Focus on the immediate
The problem with making rash decisions is that emotion can cloud your judgment. The first step is to make a new budget based on your new income-and-expense projections. You can start by identifying what your sources of income are and where you’re spending your money.
At the end of the divorce process, people are really tired and they may not have the energy to see everything through. Widows and widowers are often surprised to see that their expenses are not cut in half when a spouse dies.
Acting too quickly can also leave you vulnerable to bad advice. We have a client, who went to the bank after her husband died to remove him from the accounts. Once there, she was pitched several financial products including annuities. Truly unbelievable at a time when the widow was not in a position to consider any long term financial decisions. We advise our clients to say something like “That’s an interesting idea. I’m not making any decisions right now, but when I’m ready, my financial advisor and I will certainly discuss this.”
A new financial reality
People who have lost a spouse and those divorcing may suddenly find themselves with less money to work with which is why a new budget is so important. Two households are 25 percent more expensive to maintain than a single household. Divorcing clients can continue spending the same way they did before even though they have less money coming in.
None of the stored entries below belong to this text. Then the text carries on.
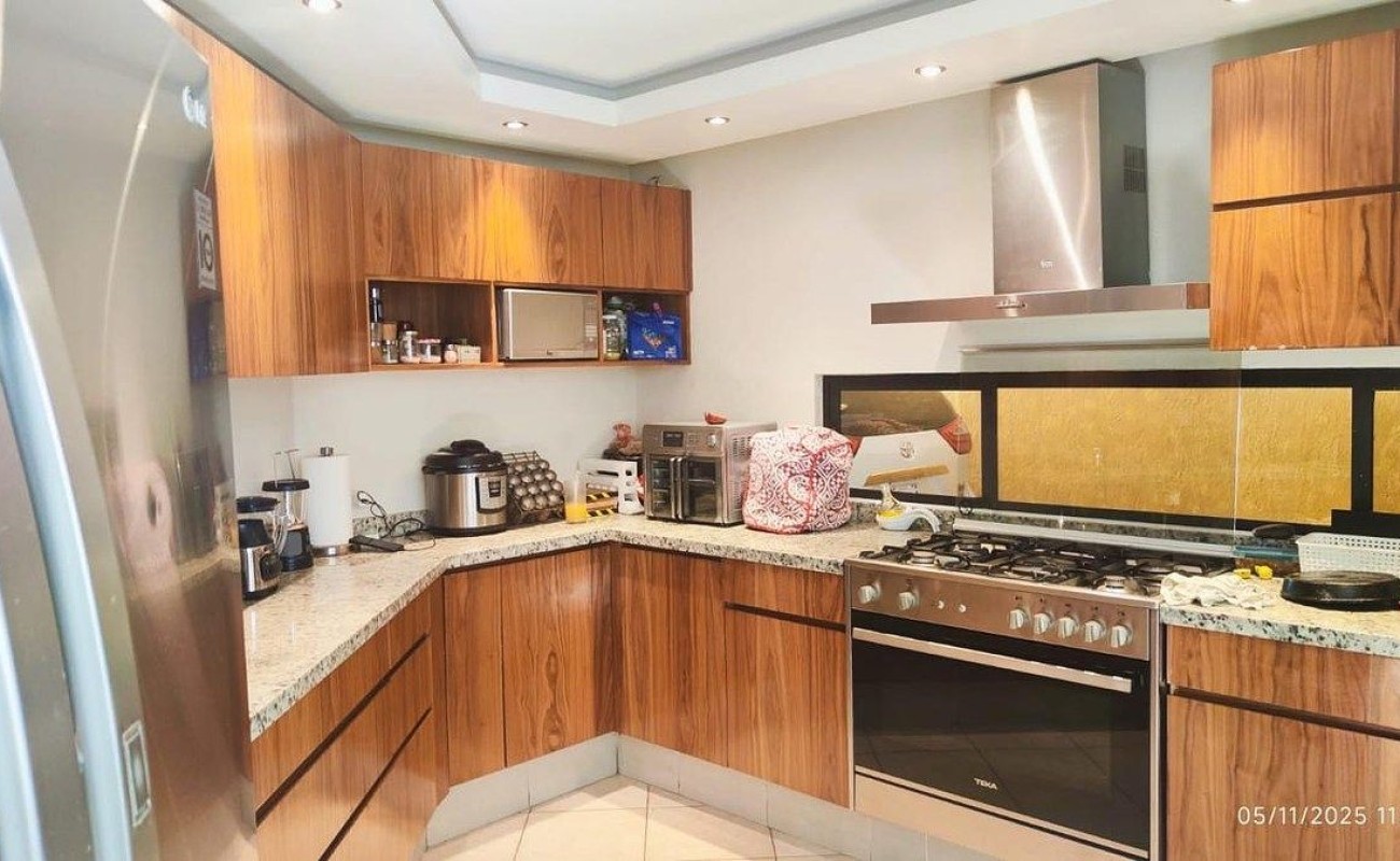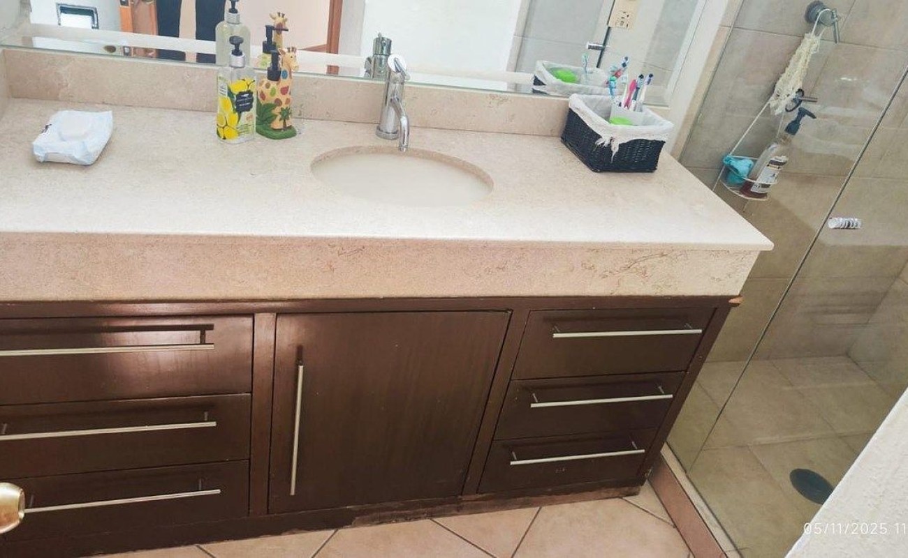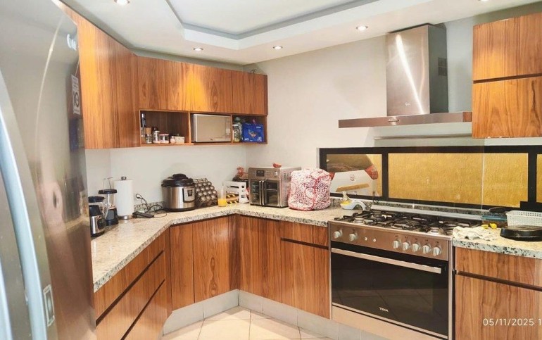 PB: Vestibulo, Amplia sala con doble altura muy iluminada, comedor con vista a patio interior, espaciosa cocina recién remodelada con cubierta de granito, alacena, medio baño, patio interior, cuarto de lavado y dos lugares de estacionamiento techados.
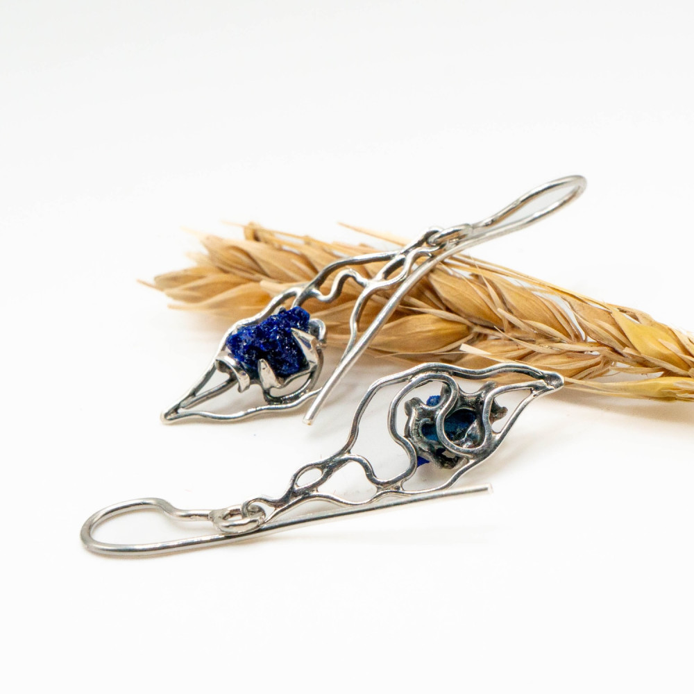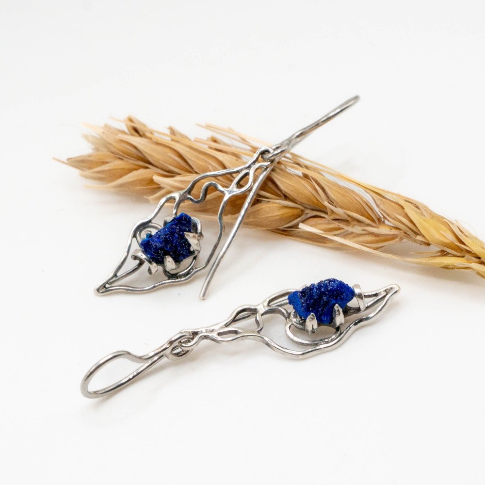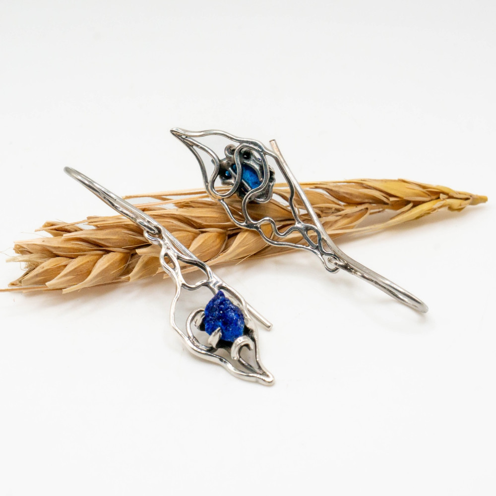 Ці сережки народжені на межі природи й мистецтва. Холодний блиск срібла огортає необроблений азурит, ніби фіксуючи мить його дикої краси. Органічний дизайн нагадує природні форми — коріння, тріщини в камені, лінії, створені не інструментом, а часом. Фактура металу — кована, з легкою нерівністю та патинуванням, що підкреслює нео-готичний характер прикраси. Камінь має природну, асиметричну форму, без огранювання — він живий, справжній, з глибоким синім кольором, який неможливо повторити.
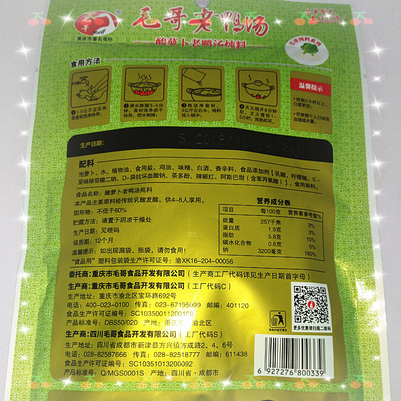 Full 5 bags of Maoge Sour Radish Duck Soup 350g Stewed Soup Soup Base Hot Pot Soup Base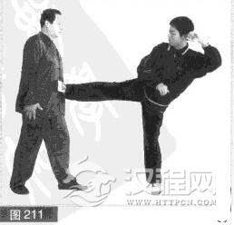(1)我左前势对敌,对方突起右脚,向前侧踹我小腹部位。(图211)

Deciding whether or not to keep the house, especially when there are young children still living at home, is a prime example. People often have an emotional attachment to their home even though they can’t afford it on just one salary. That’s an example where it’s really important to have good advice
Toward the finish line
Even though many financial tasks can wait, financial advisors stress that waiting too long to tackle some of them is detrimental, too. At the end of the divorce process, people are really tired and they may not have the energy to see everything through.
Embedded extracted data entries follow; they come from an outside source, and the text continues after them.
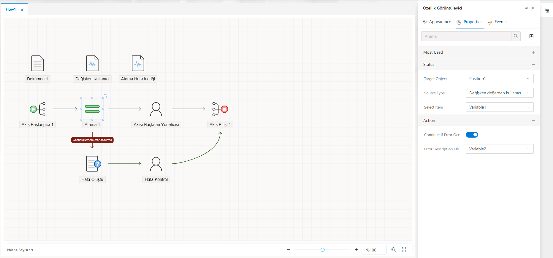'Continue If Error Occurs' - When the feature is activated, the ContinueIfErrorOccured connection arrow is used in addition to the Contunie connection arrow for the Assignment object. When the assignment process cannot be done due to incorrect design in the object, lack of assignment information, etc., the process can proceed through this arrow instead of giving an error on the end user side, and the process can be made to perform a different operation when an error occurs.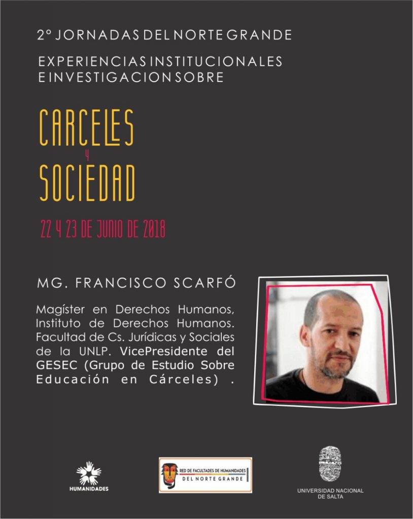 -Francisco Scarfó: Magister en Derechos Humanos, Instituto de Derechos Humanos. Facultad de Ciencias Juridicas y Sociales de la UNLP. Vice-presidente del GESEC (Grupo de Estudio Sobre Educación en Carceles).
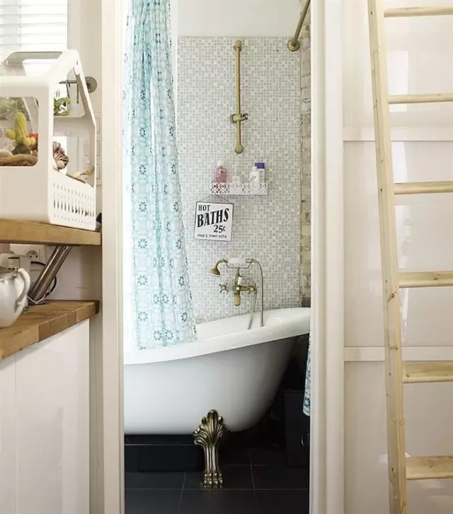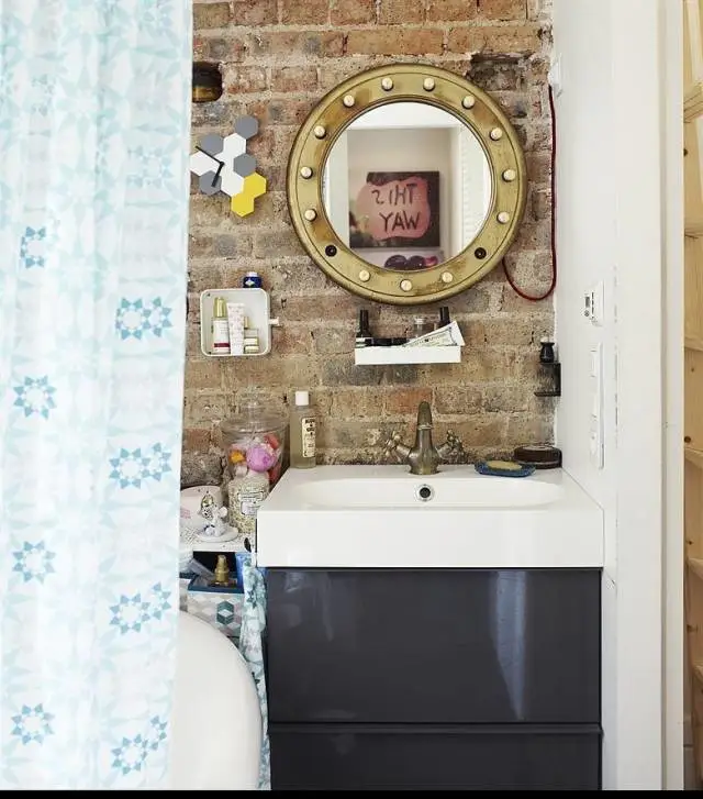 不必担心这种粗糙的表现手法会弄得像你的房子没施工完,适当保留建筑的原始样貌反而会让整体空间多了一分工业感,更有特色,而且能起到转移注意的作用,例如Eleonore家的浴室,真的是很小很挤,浴缸紧挨着洗手台,如果用白墙或者是瓷砖,会逊色不少,但现在以砖墙为背景,加上设计感的装饰,感觉马上就不一样了。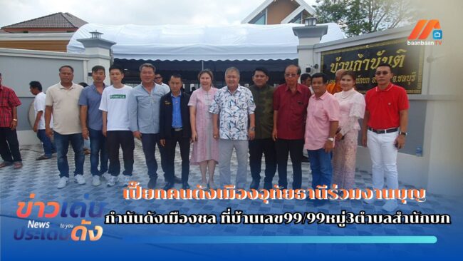 ชลบุรี..สจ.เปี๊ยกคนดังเมืองอุทัยธานีร่วมงานบุญกำนันดังเมืองชล ที่บ้านเลข99/99หมู่3ตำบลสำนักบก นายปภาวิชญ์(สจเปี๊ยกอุทัย) บุษวดีประธานสภาจังหวัดอุทัยธานีและนายราชันย์ วิจิตร กำนันตำบลนาป่า นายสมยศ พรมภัคษร นายกองค์การบริส่วนตำบลสำนักบกและนักการเมืองท้องถิ่นรวมถึงประชาชนจำนวนมากร่วมแสดงความยินดีกับนายนิติ ประสงค์กิจกำนันป้ายแดงตำบลสำนักบก อ.เมือง จ.ชลบุรี ได้ทำบุญฉลองที่ได้เป็นกำนัน ทำบุญบ้าน และฉลองคล้ายวันเกิดในคราวเดียวกัน นายนิติ ประสงค์กิจ ได้เป็นผู้ใหญ่บ้านมาหลายปีจนได้รับความใว้วางใจจากชาวบ้านและเพื่อนผู้ใหญ่ด้วยกัน จนได้รับเลือกได้เป็นกำนันประจำตำบลสำนักบก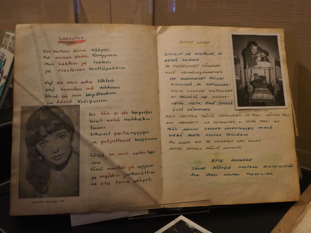 Hämeenlinnan Taidemuseo. Vexi Salmi ja Ystävät -näyttelyssä oli esillä paljon Vexin henkilökohtaisia tavaroita. Muun muassa tämä Korian Pioneerikoulussa 1962-1963 kirjoitettu armeijamuistio.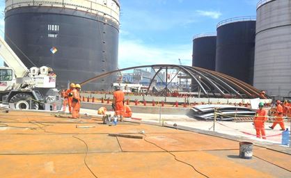 Actividad: INGENIERÍA, SUMINISTRO, FABRICACIÓN Y MONTAJE DE TANQUES: 80 MB (2 TANQUES), 60 MB (6 TANQUES), 55 MB (3 TANQUES) EN API VER, TOTAL DE TONELDAS: 2948

Another client situation comes to mind. In fact, as a result of the scenario, the client came to us for assistance. The person was granted half of her husband’s pension. In order to obtain her share, the wife needed file an application to be credited with half of his pension. In actuality, after the fact, it was apparent that this should have been taken care of by his employer. It had not, and 18 months after the divorce, our client failed to take any action. That is why she approached us. To complicate everything, her ex-husband died suddenly of a heart attack. Since there was no order, the employer didn’t want to give her share to her. We were able to assist her to get it resolved.
We also advice divorcing clients to close out joint accounts and make a fresh financial start. We had another example of a client, three years after her divorce, that applied for a mortgage and was declined. Her ex-husband had declared bankruptcy after their divorce and they still held joint accounts. She wasn’t monitoring her credit report and his credit rating got entangled with hers.
Expect a learning curve
A death or divorce can also mean having to master new financial skills that may not have been part of your duties while married. Though it’s changing, financial advisors say, many couples still hew to traditional gender roles with one taking the lead on finances and the other overseeing other aspects. Many people live another decade or more beyond their partner’s death.
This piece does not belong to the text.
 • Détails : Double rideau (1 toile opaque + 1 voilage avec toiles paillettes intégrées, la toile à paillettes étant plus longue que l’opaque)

At some point, the surviving partner need to learn to manage their finances on their own. It an be like learning a whole new language. You might as well be learning Italian or French, and when you’re stressed, you’re not going to be able to retain much. Here, too, you can take it slow. Read blogs. Read articles. Build your financial vocabulary one day at a time.
We never know or can control when we may wake up one morning and be suddenly single. What we can do is take whatever action we can to try and mitigate the potential impact on such a change in our personal and financial lives in the eventuality of it happening to us. We advocate that one of these strategies should be engaging the services of a Financial Life Planner where our focus is balancing life events with your financial life. Let us help with yours. Contact Northern River Financial at 1.855.5NRIVER or info@NorthernRiverFinancial.ca. It’s importantly in Keeping Life Current.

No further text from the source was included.